Introduction
There is no treatment for geographic atrophy (GA), the advanced form of dry age-related macular degeneration. Several trials have failed so far [1-3], which underscores the need to improve the knowledge on disease pathophysiology. One approach to gain insights into disease mechanisms in observational studies is to compare cases with extreme values of a given characteristic (i.e., the first vs. the fifth quintiles of the distribution of a quantitative variable, for example) [4-6].

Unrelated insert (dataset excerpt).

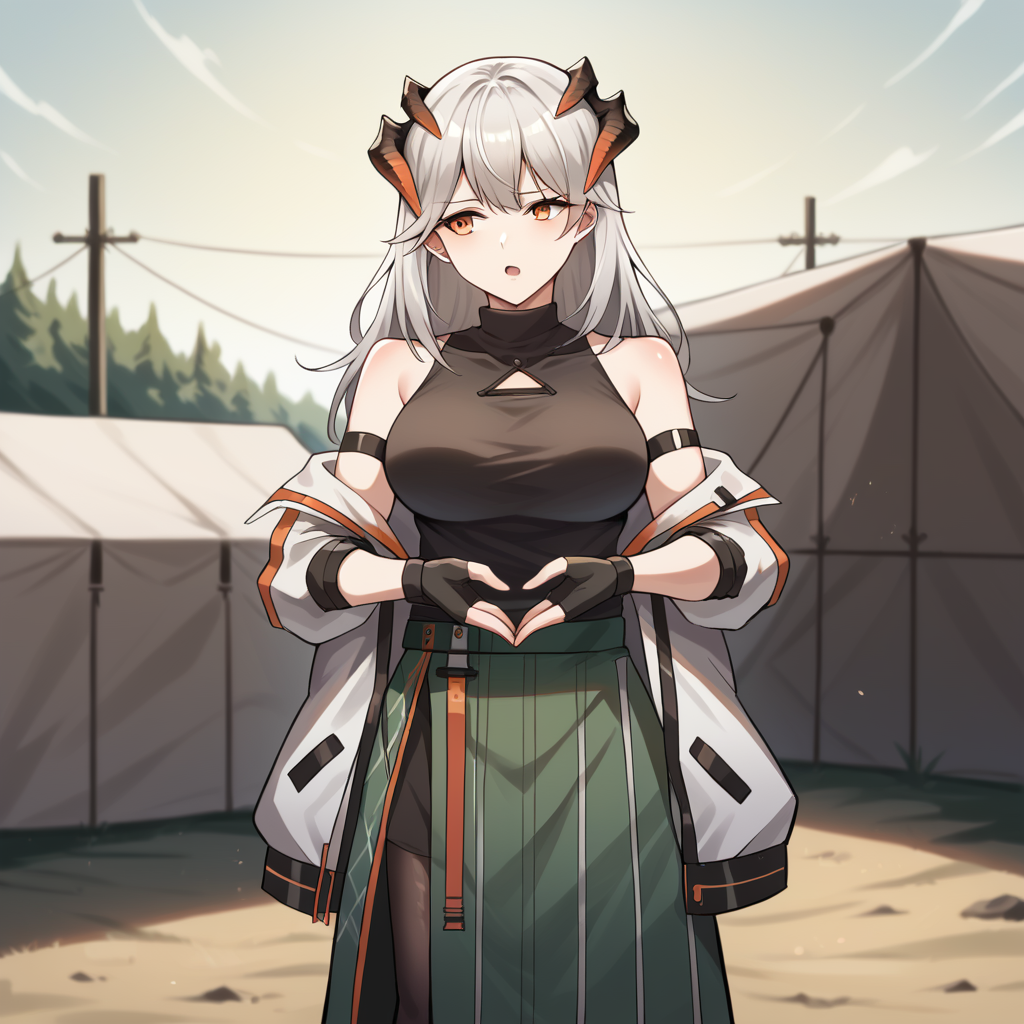 Sar_StrH, 黑色过膝袜, 黑色衬衫, 无袖衬衫, 露肩, 无指手套, 绷带, 黑色手套, 手臂绑带, 露肩夹克, 白色夹克, 开襟夹克, 两色裙, 战术裙, 绿色裙, 长裙, 侧开叉,

This strategy may be affected by regression to the mean (RTM), a ubiquitous statistical phenomenon in which the most extreme measurements tend to be less extreme upon remeasurement [7-9]. It is caused by random fluctuation due to biological variability and measurement error. In addition, it is not known to which extent RTM may be present when a given characteristic (for example, growth rate) is derived from compound measurements (area at baseline and at follow-up). Patients with GA showing very fast (or slow) progression rates may show slower (or faster) progression rates later on (closer to the mean) simply by RTM. Therefore, this phenomenon may affect the classification of a patient as having a fast or slow progressing eye, misleading the individual prognosis and prognostic model research [10]. The purpose of this study was to identify and quantify RTM when measuring GA growth rates, and to determine the percentage of patients misclassified by it.
Methods
Study Design and Eligibility Criteria
This is a retrospective observational study. We included participants with GA and ≥6 months of follow-up from GAIN (NCT01694095 [11], a prospective natural history study conducted from 2009 to 2012),and also other patients who visited the Institut de la Màcula (Barcelona, Spain), a tertiary referral center, between 2012 and February 4, 2018. Patients with other causes of retinal pigment epithelium atrophy, mixed age-related macular degeneration, previous intraocular treatment for a retinal disorder, surgery (other than phacoemulsification), unavailable fundus autofluorescence (FAF) images at baseline or follow-up, or poor imaging quality were excluded. Only one eye was included; in bilateral cases the study eye was randomly chosen. The study followed the tenets of the Declaration of Helsinki, was approved by the Comité Ético de investigación con medicamentos del Grupo Hospitalario Quirón (Barcelona), and all patients signed an informed consent.
Procedures
All patients received a complete ophthalmic exam, including best-corrected visual acuity, intraocular pressure with Goldmann contact tonometry, and an anterior and posterior segment exam. After pupil dilatation, all patients underwent 35 and 50° non-stereoscopic color fundus photography centered on the fovea (TRC 50DX IA; Topcon, Japan), high resolution, 30 × 30° FAF imaging with Spectralis HRA+OCT® (Heidelberg Engineering, Heidelberg, Germany) with an average of ≥10 frames, and spectral domain optical coherence tomography.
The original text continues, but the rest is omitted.